*What is needed*
Exact copy, no pictures: return only the lines below from the line with "15 декабря 2025" up to and including the line with "Kickstart your next".

*Data to use*
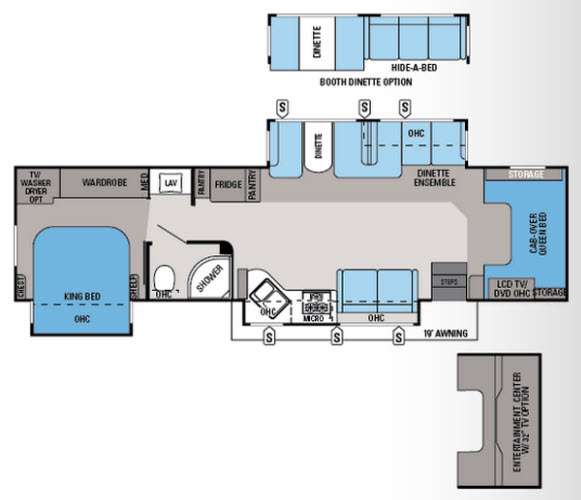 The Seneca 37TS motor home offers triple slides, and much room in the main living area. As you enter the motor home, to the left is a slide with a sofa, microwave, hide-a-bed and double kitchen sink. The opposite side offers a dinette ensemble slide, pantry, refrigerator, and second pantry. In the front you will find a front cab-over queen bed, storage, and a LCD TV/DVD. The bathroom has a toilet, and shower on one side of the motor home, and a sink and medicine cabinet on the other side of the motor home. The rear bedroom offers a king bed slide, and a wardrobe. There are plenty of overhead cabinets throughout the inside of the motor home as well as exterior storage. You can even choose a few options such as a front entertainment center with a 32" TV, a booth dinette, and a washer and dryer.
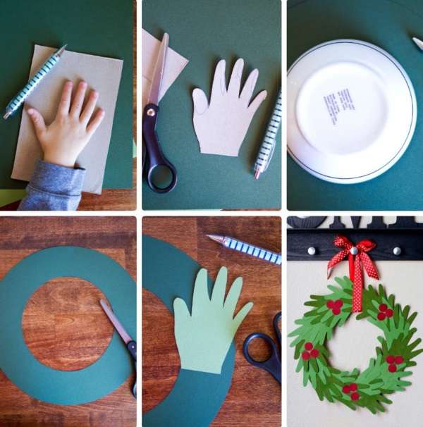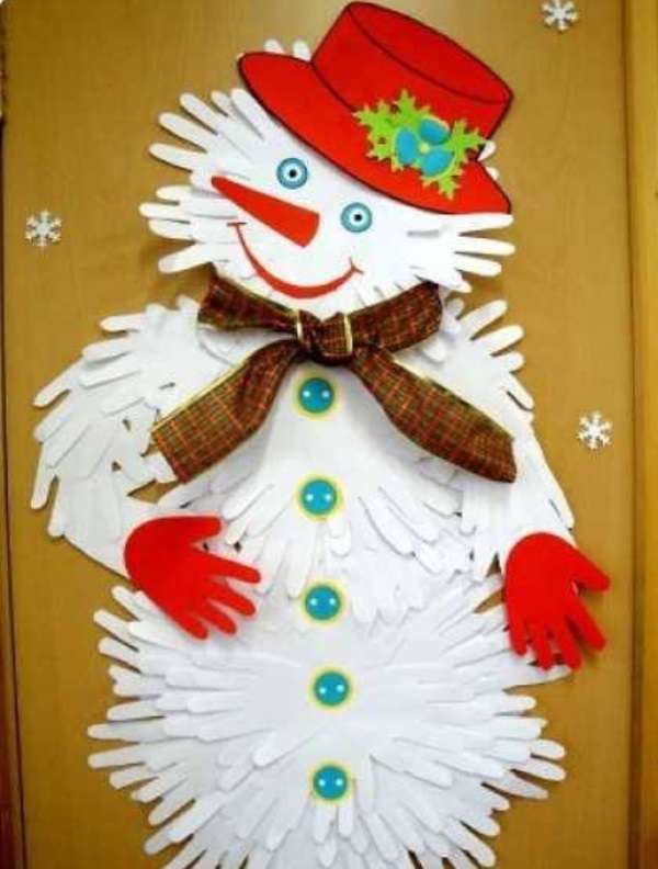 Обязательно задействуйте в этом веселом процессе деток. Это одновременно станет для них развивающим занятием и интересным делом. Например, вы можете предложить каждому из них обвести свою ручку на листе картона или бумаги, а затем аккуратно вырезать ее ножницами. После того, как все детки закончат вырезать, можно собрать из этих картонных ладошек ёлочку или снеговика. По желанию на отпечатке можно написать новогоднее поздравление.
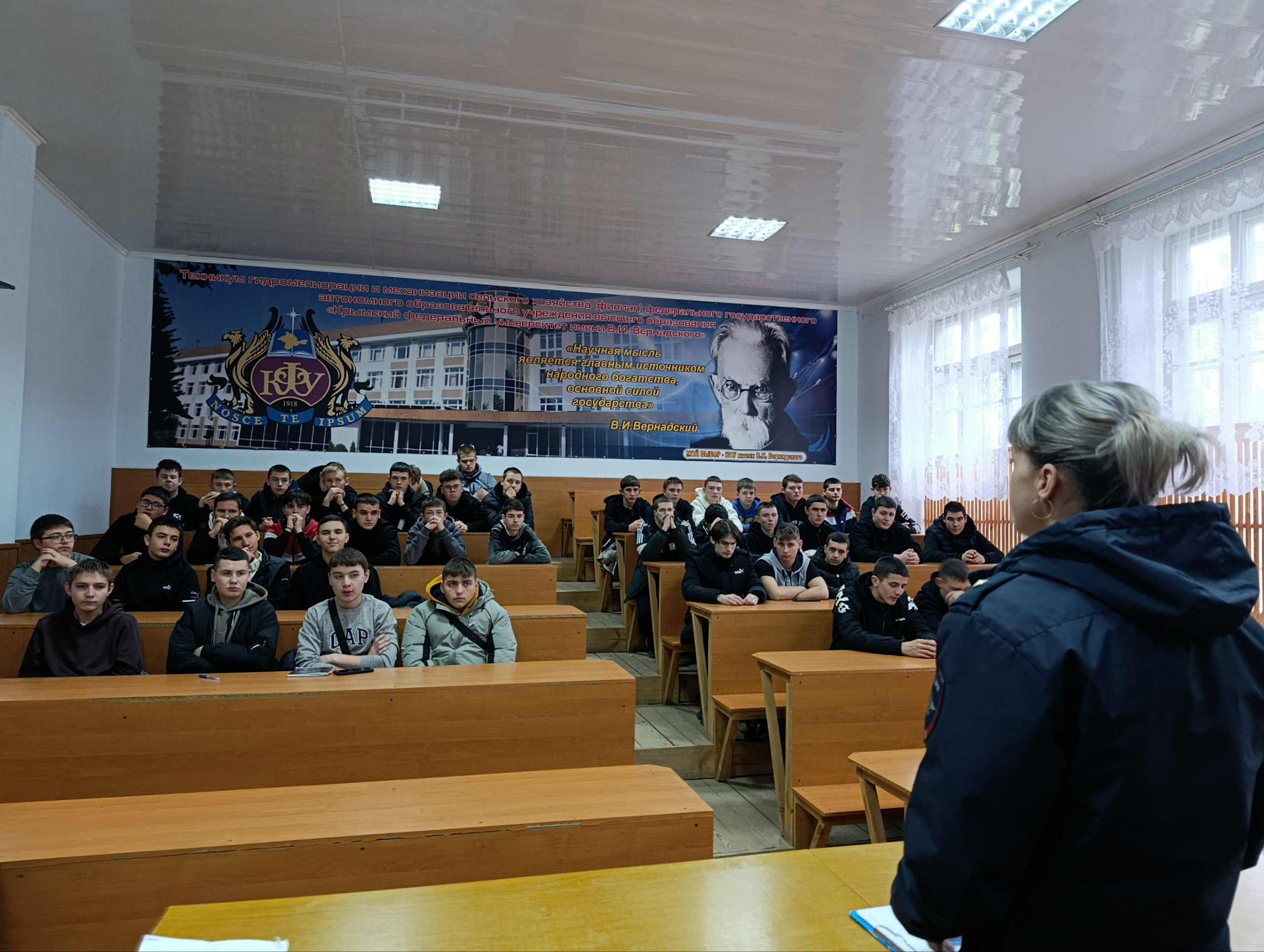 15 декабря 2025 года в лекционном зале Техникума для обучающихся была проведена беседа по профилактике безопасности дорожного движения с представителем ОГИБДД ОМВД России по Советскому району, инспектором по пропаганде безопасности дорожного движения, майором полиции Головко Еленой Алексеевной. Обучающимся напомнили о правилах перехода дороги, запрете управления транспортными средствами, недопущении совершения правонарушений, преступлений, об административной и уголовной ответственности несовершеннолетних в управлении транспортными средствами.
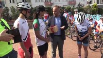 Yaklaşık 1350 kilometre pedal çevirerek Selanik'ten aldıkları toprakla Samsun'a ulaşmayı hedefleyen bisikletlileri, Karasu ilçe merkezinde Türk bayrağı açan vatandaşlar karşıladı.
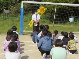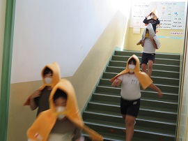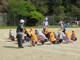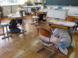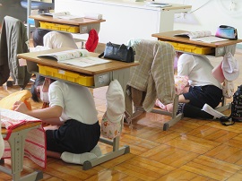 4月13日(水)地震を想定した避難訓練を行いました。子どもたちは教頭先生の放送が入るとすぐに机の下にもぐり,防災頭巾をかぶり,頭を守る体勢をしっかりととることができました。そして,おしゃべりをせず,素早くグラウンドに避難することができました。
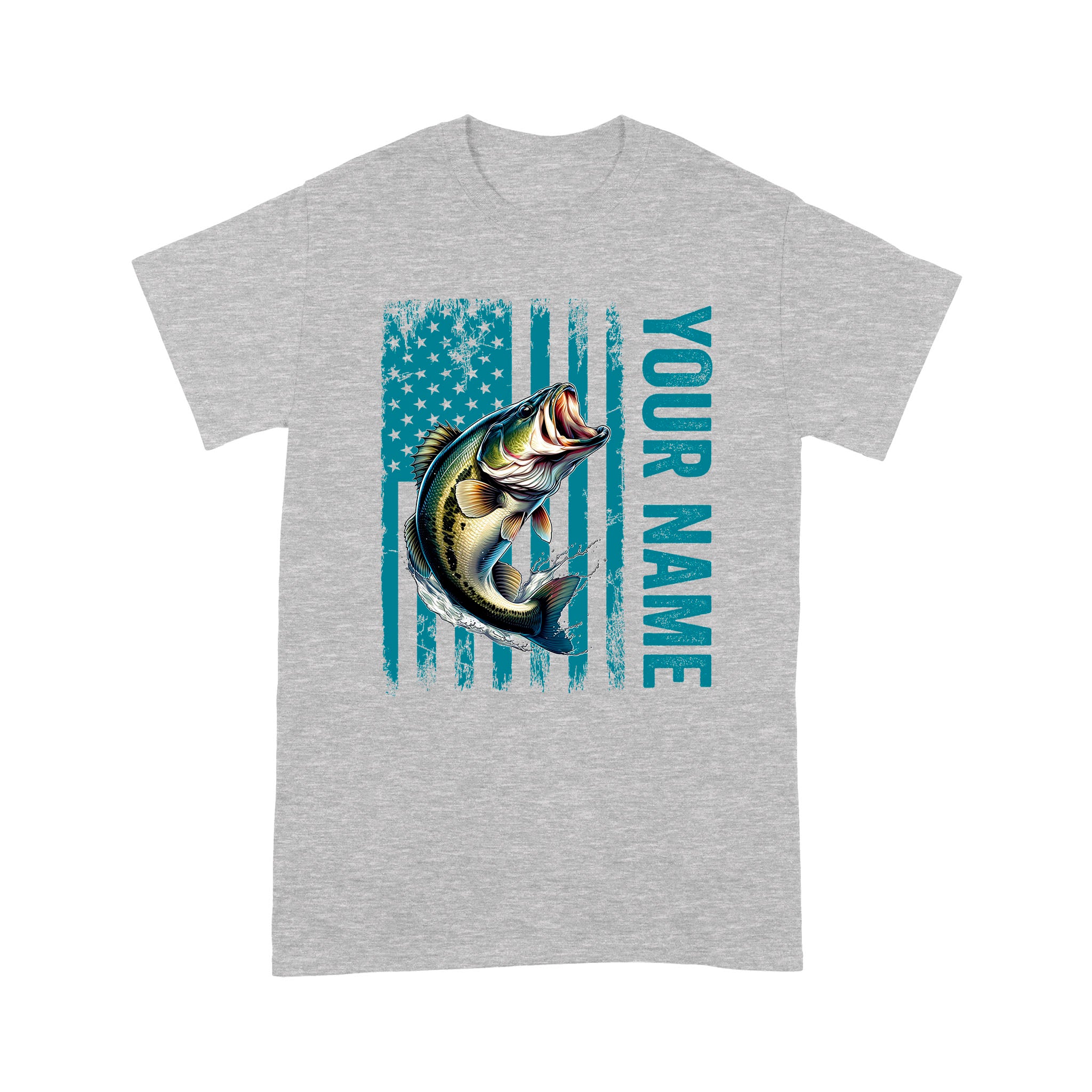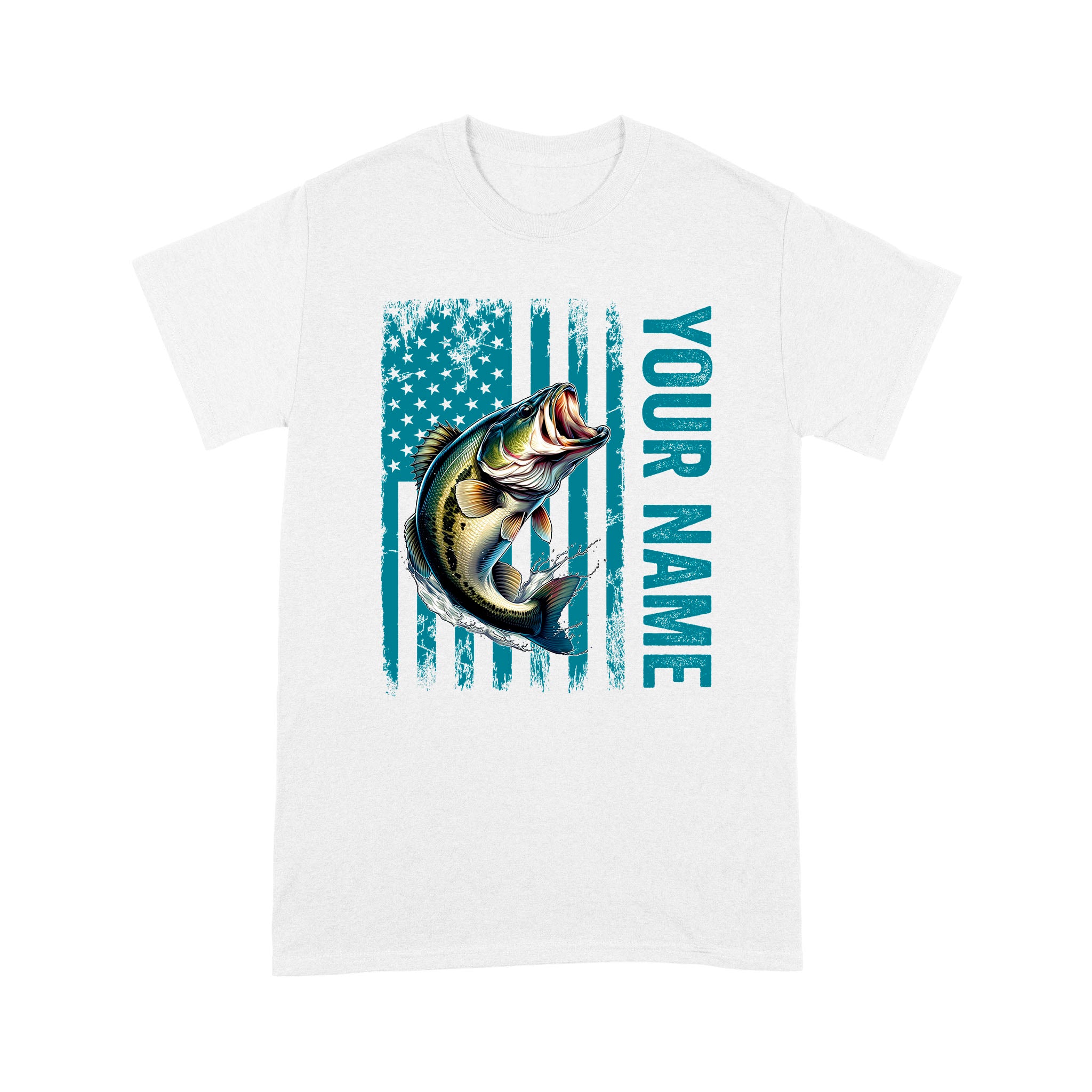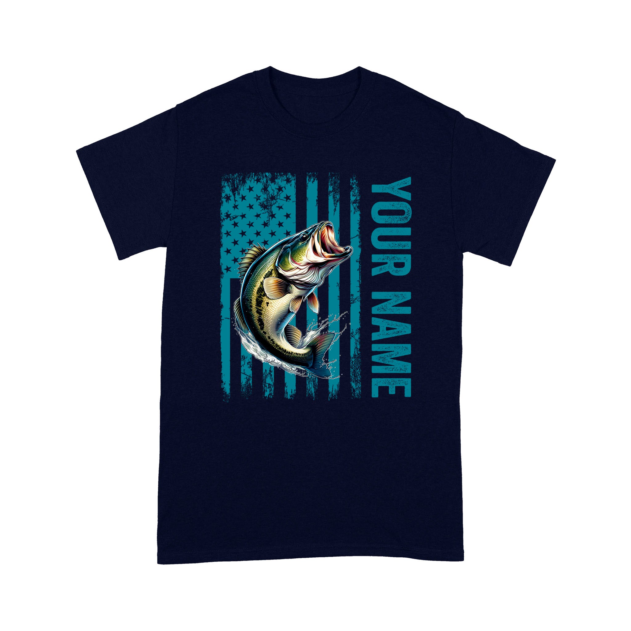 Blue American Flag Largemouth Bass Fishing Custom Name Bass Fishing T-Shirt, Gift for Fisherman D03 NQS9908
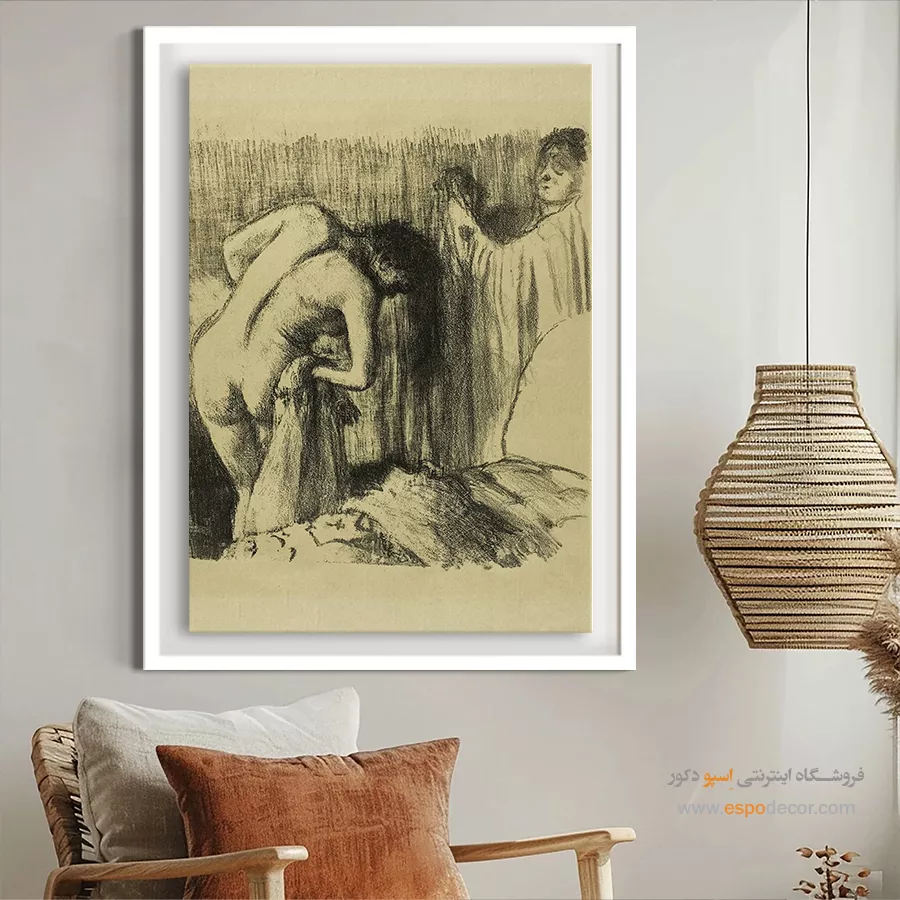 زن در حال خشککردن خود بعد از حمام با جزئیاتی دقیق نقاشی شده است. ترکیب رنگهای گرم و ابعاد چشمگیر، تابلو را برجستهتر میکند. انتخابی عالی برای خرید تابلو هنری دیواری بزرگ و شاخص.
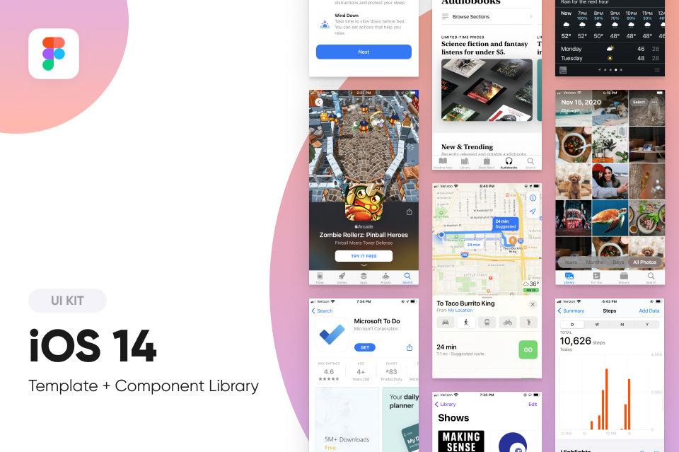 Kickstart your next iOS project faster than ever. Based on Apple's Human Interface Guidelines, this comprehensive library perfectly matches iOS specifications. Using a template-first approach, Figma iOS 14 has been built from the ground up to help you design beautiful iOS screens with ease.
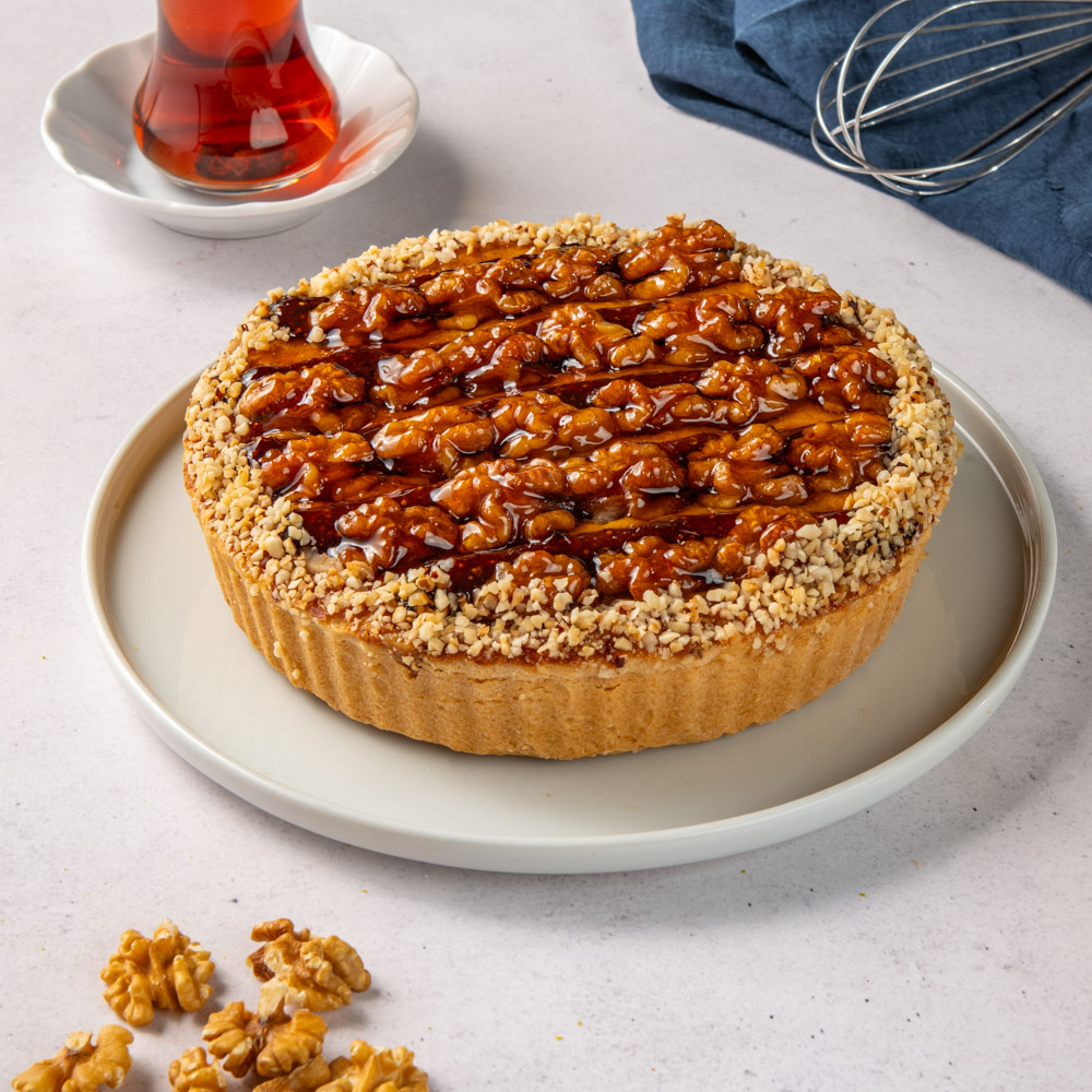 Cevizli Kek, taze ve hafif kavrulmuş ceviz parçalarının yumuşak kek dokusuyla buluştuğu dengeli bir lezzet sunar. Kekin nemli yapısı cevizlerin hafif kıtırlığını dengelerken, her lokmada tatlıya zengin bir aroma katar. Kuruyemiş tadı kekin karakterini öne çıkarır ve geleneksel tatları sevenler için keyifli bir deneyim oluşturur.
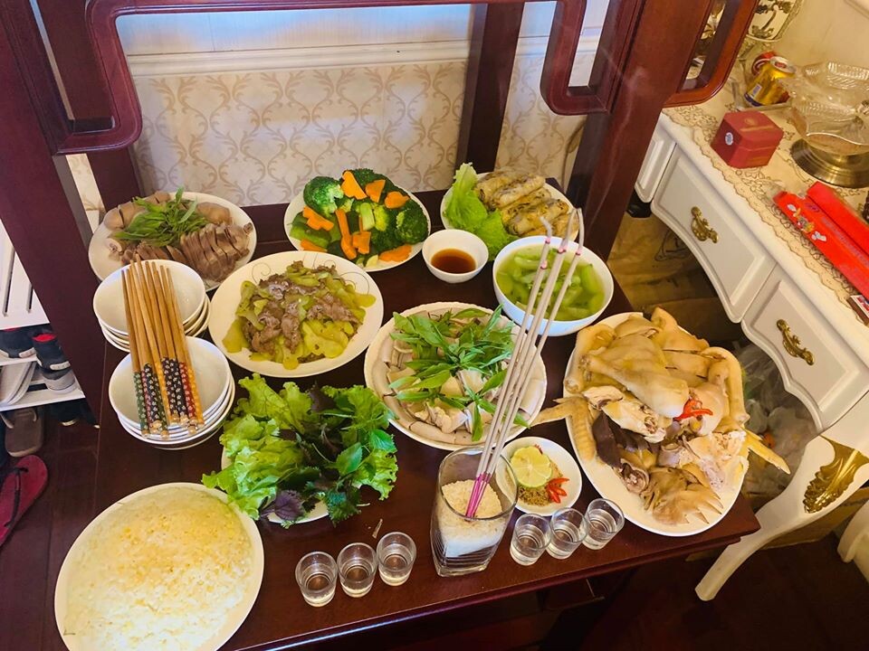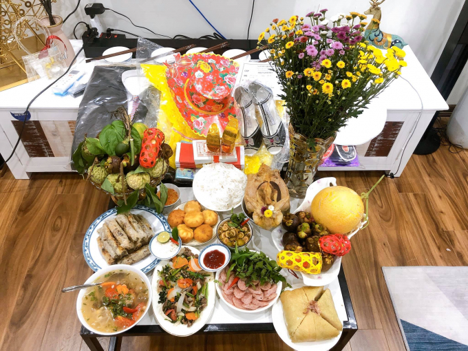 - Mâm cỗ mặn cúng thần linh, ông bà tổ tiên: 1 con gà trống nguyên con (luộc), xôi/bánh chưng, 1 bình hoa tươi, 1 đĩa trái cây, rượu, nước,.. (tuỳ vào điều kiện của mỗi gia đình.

*Response area*
 15 декабря 2025 года в лекционном зале Техникума для обучающихся была проведена беседа по профилактике безопасности дорожного движения с представителем ОГИБДД ОМВД России по Советскому району, инспектором по пропаганде безопасности дорожного движения, майором полиции Головко Еленой Алексеевной. Обучающимся напомнили о правилах перехода дороги, запрете управления транспортными средствами, недопущении совершения правонарушений, преступлений, об административной и уголовной ответственности несовершеннолетних в управлении транспортными средствами.
 Yaklaşık 1350 kilometre pedal çevirerek Selanik'ten aldıkları toprakla Samsun'a ulaşmayı hedefleyen bisikletlileri, Karasu ilçe merkezinde Türk bayrağı açan vatandaşlar karşıladı.
 4月13日(水)地震を想定した避難訓練を行いました。子どもたちは教頭先生の放送が入るとすぐに机の下にもぐり,防災頭巾をかぶり,頭を守る体勢をしっかりととることができました。そして,おしゃべりをせず,素早くグラウンドに避難することができました。
 Blue American Flag Largemouth Bass Fishing Custom Name Bass Fishing T-Shirt, Gift for Fisherman D03 NQS9908
 زن در حال خشککردن خود بعد از حمام با جزئیاتی دقیق نقاشی شده است. ترکیب رنگهای گرم و ابعاد چشمگیر، تابلو را برجستهتر میکند. انتخابی عالی برای خرید تابلو هنری دیواری بزرگ و شاخص.
 Kickstart your next iOS project faster than ever. Based on Apple's Human Interface Guidelines, this comprehensive library perfectly matches iOS specifications. Using a template-first approach, Figma iOS 14 has been built from the ground up to help you design beautiful iOS screens with ease.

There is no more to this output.